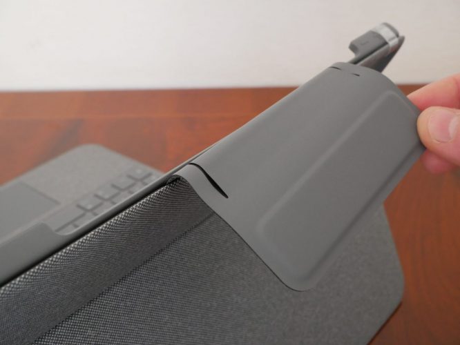 Sulla parte superiore della cover, dove viene riposta la Apple Pencil per intenderci, troviamo un lembo che chiude la cover magneticamente quando non la usiamo e possiede un piccolo alloggiamento qualora possediate la Logitech Crayon (anche come soluzione per non perdere la Pencil e tenerla ben ancorata), pencil di casa Logitech che non pisside un attacco magnetico ad iPad per cui potrebbe essere facile perderla ma anche in questo caso tutto è stato studiato nel minimo dettaglio.
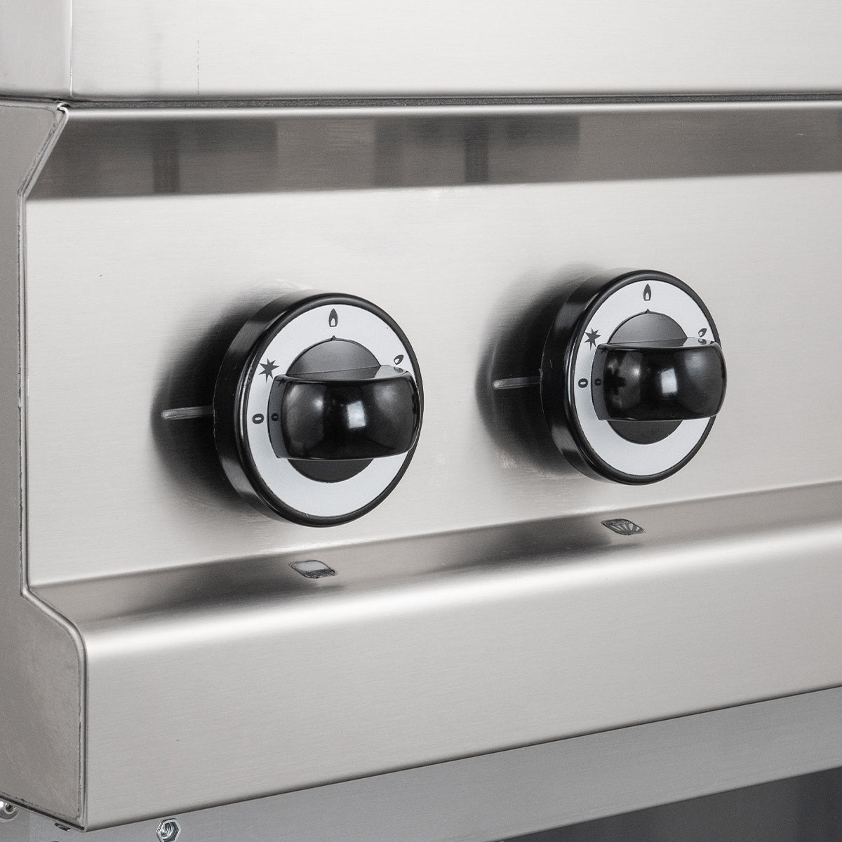 • Kochstellenmaße (B x T): 2x 580 x 315 mm, 4 Brenner mit einem Rost, abgedeckt
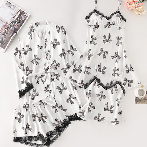 Tùy Chỉnh Của Phụ Nữ Thanh Lịch Ngủ Đặt Bốn Mảnh Ren V Cổ Treo Và Áo Ngủ Dệt Vải Cho Mùa Hè
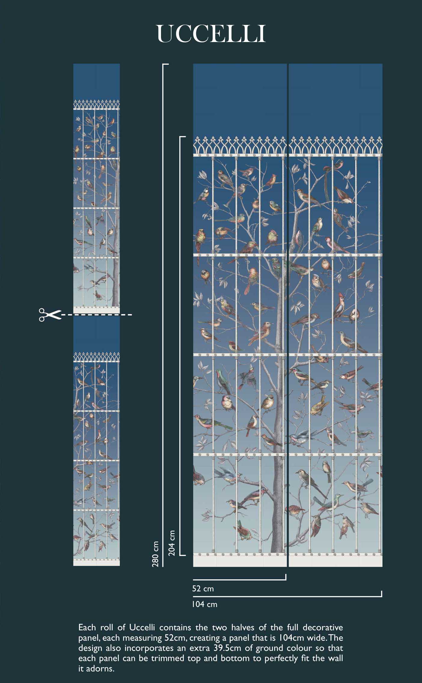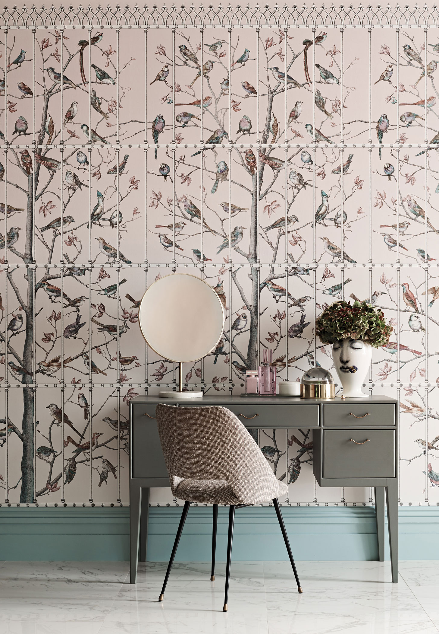 Ursprünglich als spanische Wand geschaffen wurde die Tapete Uccelli zuerst als eine Wandbekleidung für ein Luxushotel auf der Argentario-Halbinsel in der Toskana entworfen.
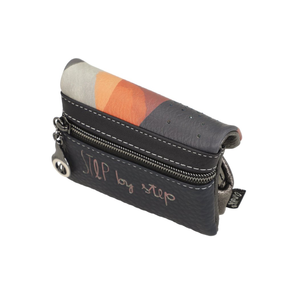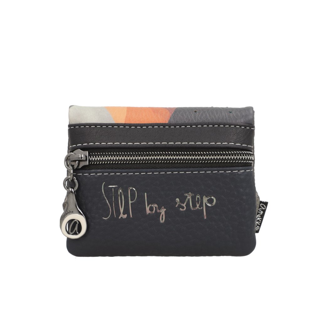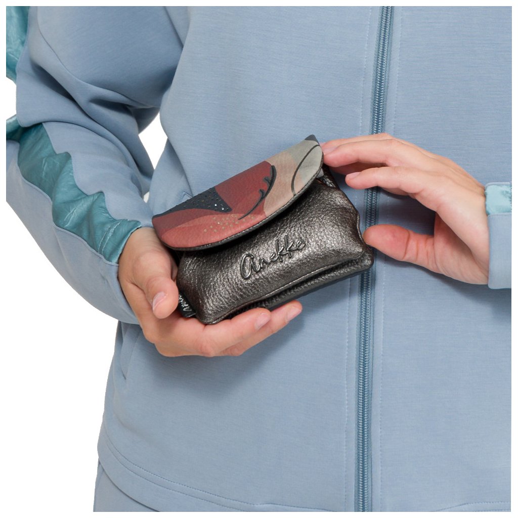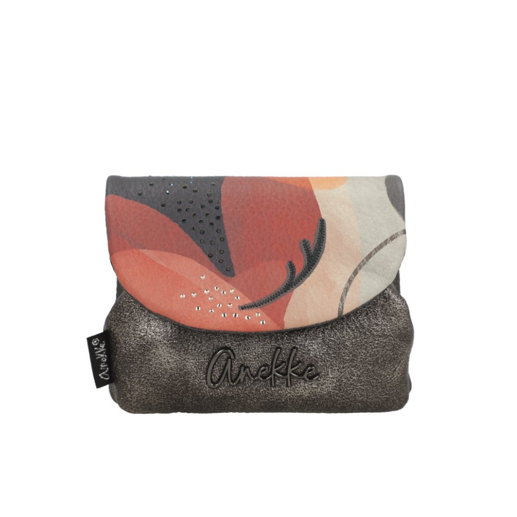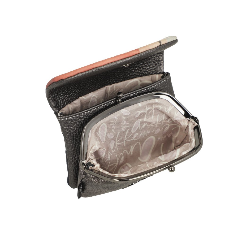 Dámská peněženka Anekke s kapsou se zipem na zadní straně. Klopa se zapínáním na magnet skrývá jednu kapsu otevřenou a jednu kapsu, která se uzavírá kovovým rámečkem s kuličkovým zapínáním.
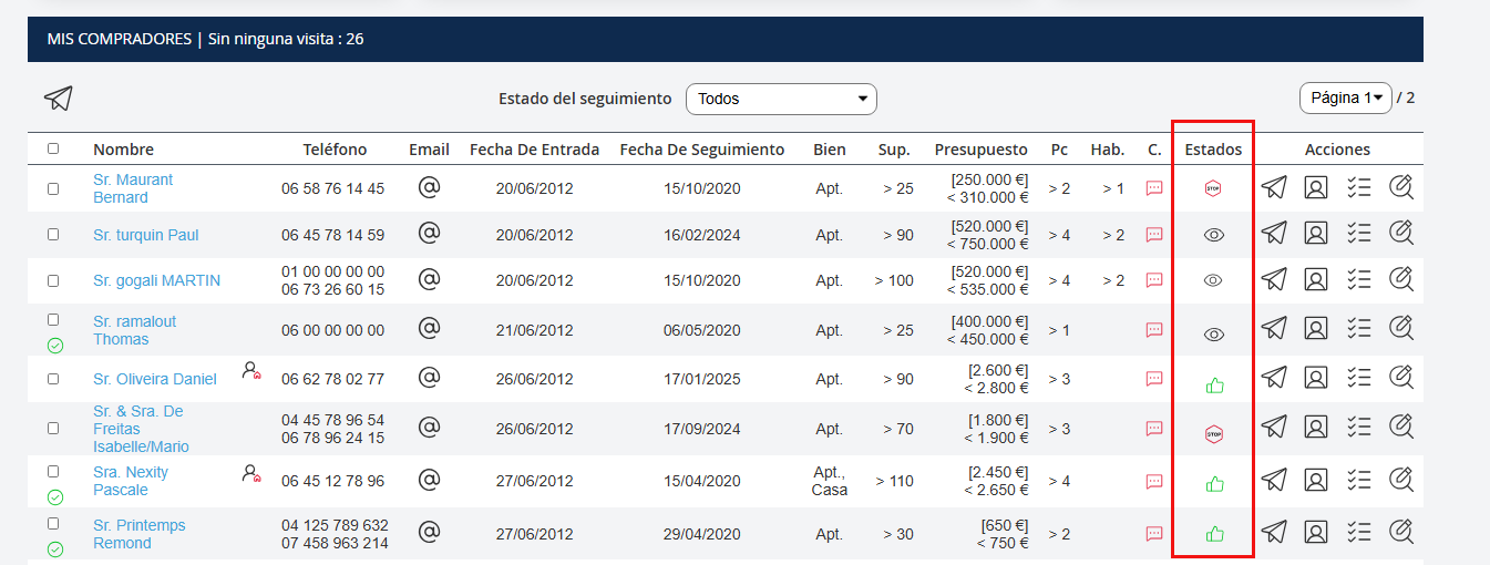 Si su cliente ha respondido o visto su correo electrónico/SMS, podrá encontrar estas indicaciones en la columna Estados.
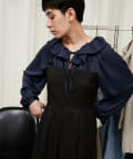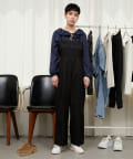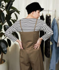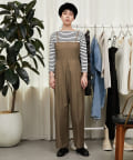上品な光沢感のあるツイル素材を使用したオールインワン。
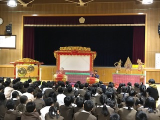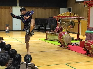 インドネシアの伝統芸能に触れる機会。伝統芸能団の方を招き、異文化芸能鑑賞と体験を持ちました。
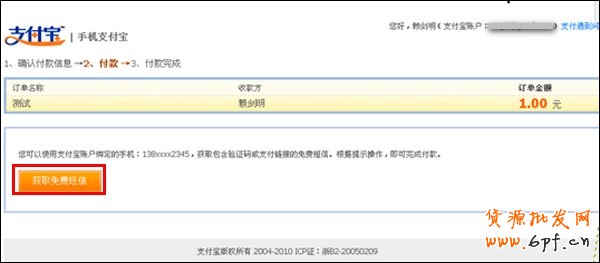 如果用戶沒有綁定手機(jī),輸入手機(jī)號(hào)碼,點(diǎn)擊“獲取免費(fèi)短信”,可以接收包含支付鏈接的短信,并跳轉(zhuǎn)到WAP支付頁(yè)面。
______
Please print all of the records above exactly, omitting each picture.

- **COMPLETED EXERCISE**:
 Sulla parte superiore della cover, dove viene riposta la Apple Pencil per intenderci, troviamo un lembo che chiude la cover magneticamente quando non la usiamo e possiede un piccolo alloggiamento qualora possediate la Logitech Crayon (anche come soluzione per non perdere la Pencil e tenerla ben ancorata), pencil di casa Logitech che non pisside un attacco magnetico ad iPad per cui potrebbe essere facile perderla ma anche in questo caso tutto è stato studiato nel minimo dettaglio.
 • Kochstellenmaße (B x T): 2x 580 x 315 mm, 4 Brenner mit einem Rost, abgedeckt
 Tùy Chỉnh Của Phụ Nữ Thanh Lịch Ngủ Đặt Bốn Mảnh Ren V Cổ Treo Và Áo Ngủ Dệt Vải Cho Mùa Hè
 Ursprünglich als spanische Wand geschaffen wurde die Tapete Uccelli zuerst als eine Wandbekleidung für ein Luxushotel auf der Argentario-Halbinsel in der Toskana entworfen.
 Dámská peněženka Anekke s kapsou se zipem na zadní straně. Klopa se zapínáním na magnet skrývá jednu kapsu otevřenou a jednu kapsu, která se uzavírá kovovým rámečkem s kuličkovým zapínáním.
 Si su cliente ha respondido o visto su correo electrónico/SMS, podrá encontrar estas indicaciones en la columna Estados.
上品な光沢感のあるツイル素材を使用したオールインワン。
 インドネシアの伝統芸能に触れる機会。伝統芸能団の方を招き、異文化芸能鑑賞と体験を持ちました。
 如果用戶沒有綁定手機(jī),輸入手機(jī)號(hào)碼,點(diǎn)擊“獲取免費(fèi)短信”,可以接收包含支付鏈接的短信,并跳轉(zhuǎn)到WAP支付頁(yè)面。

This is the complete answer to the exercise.